Turnover values collected for past years (2021/2022 and earlier) has been put in 2023/2024 prices, using GDP deflators to account for inflation across the years.

2.7 Time period

Company employment and turnover figures within IDBR are mostly updated on an annual basis and are sourced from a range of datasets. Due to the variety of sources used, employment and turnover figures are not updated at a consistent point in the annual cycle. For this publication, a snapshot of IDBR data was taken that most closely relates to the period 2023/2024. Therefore, some figures included in this publication may relate to a different year.

Past BaHTSS reports have published estimates of the sector for previous financial years. Section 3 contains more details on the comparability of past figures to the statistics relating to 2023/2024 and the differences in how these were constructed.

2.8 Geographical areas

The BaHTSS report presents geographical estimates at the following levels:

The postcode for each site within the BaHTSS data is matched to a ITL 1 region and LAD using the ONS’s National Statistics Postcode Lookup (NSPL). This allows consistency throughout all layers of geography used.

The BaHTSS report uses the most appropriate NSPL available from ONS at the time of publication. For the 2023 to 2024 report, the LAD boundaries as of May 2025 were used, which means boundary changes that happened after this date are not reflected in this report.

The 2023/2024 report uses companies’ registered addresses from Companies House to determine which geographical area to which they belong to. Previous publications used the physical location of the site the company operates from. This has been changed because it has not been possible to include sites as the lowest level of reporting for this year’s statistics. More information on the methodological changes is available in section 3. Further work is to be done by OLS to reintroduce site level reporting. More details on the development work around this is outlined in section 4.

2.9 Rounding and disclosure control

Outputs for the publication are assessed to ensure that employment and turnover values for individual businesses are not disclosed. When a figure is derived from 5 or fewer businesses or companies, these figures are suppressed. Totals are also rounded where appropriate to prevent suppressed values being revealed through cross-tabulation between different data tables.

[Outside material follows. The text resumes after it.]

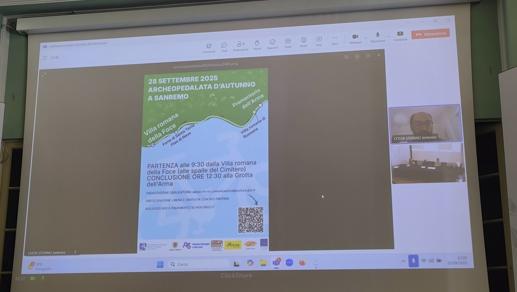 “Il Comune di Sanremo aderisce con piacere alle Giornate Europee del Patrimonio – dichiarano il vicesindaco Fulvio Fellegara e l’assessore alla cultura Enza Dedali – perché significa coinvolgere la cittadinanza in un dialogo sempre più vivo con il nostro patrimonio culturale per raccontarlo, renderlo fruibile e trasmetterlo alle giovani generazioni. Grazie agli uffici per il lavoro svolto e alla Soprintendenza Archeologia Belle Arti Paesaggio per aver proposto un’iniziativa così affascinante quale l’archeopedalata prevista domenica 28 settembre”.

The BaHTSS reports apply rounding to quoted numbers to ensure coherence and that the main results of the findings can be interpreted easily.

3. Impact of 2023/2024 methodology changes and comparability to past estimates

3.1 Comparability to past BaHTSS reports

The methodological changes implemented for the 2023/2024 data have had an impact on the timeseries of key metrics. Please note that:

  • this report covers data up to 2023/2024 and is not directly comparable to past estimates of the life sciences sector relating to 2021/2022 and before. Data for 2022/2023 is not available due to the time taken to implement the new methodology
  • estimates of the sector between 2008/09 and 2021/2022 are still referenced in this report where the definition of the metric remains unchanged. This is to allow users to view data on estimates for past years, but it should be noted these figures are not directly comparable and the scale of change in the sector cannot be inferred between 2023/2024 and earlier time periods

3.2 Methodology changes in 2023/2024

The methodology used to compile the 2023/2024 statistics, as outlined in section 2, has changed substantially compared to the methods used for past BaHTSS reports to produce estimates of the sector between 2008/2009 and 2021/2022. The key changes in methodology and reporting are listed below.

3.2.1 Businesses, companies and sites

Previous BaHTSS publications reported on sites as the lowest sub-unit of businesses in the publication. Sites are defined as the physical locations that companies operate from, with each company having one or more sites. Site-level data is not available for the 2023/2024 statistics and the lowest unit used is companies (as defined in section 2.1.1).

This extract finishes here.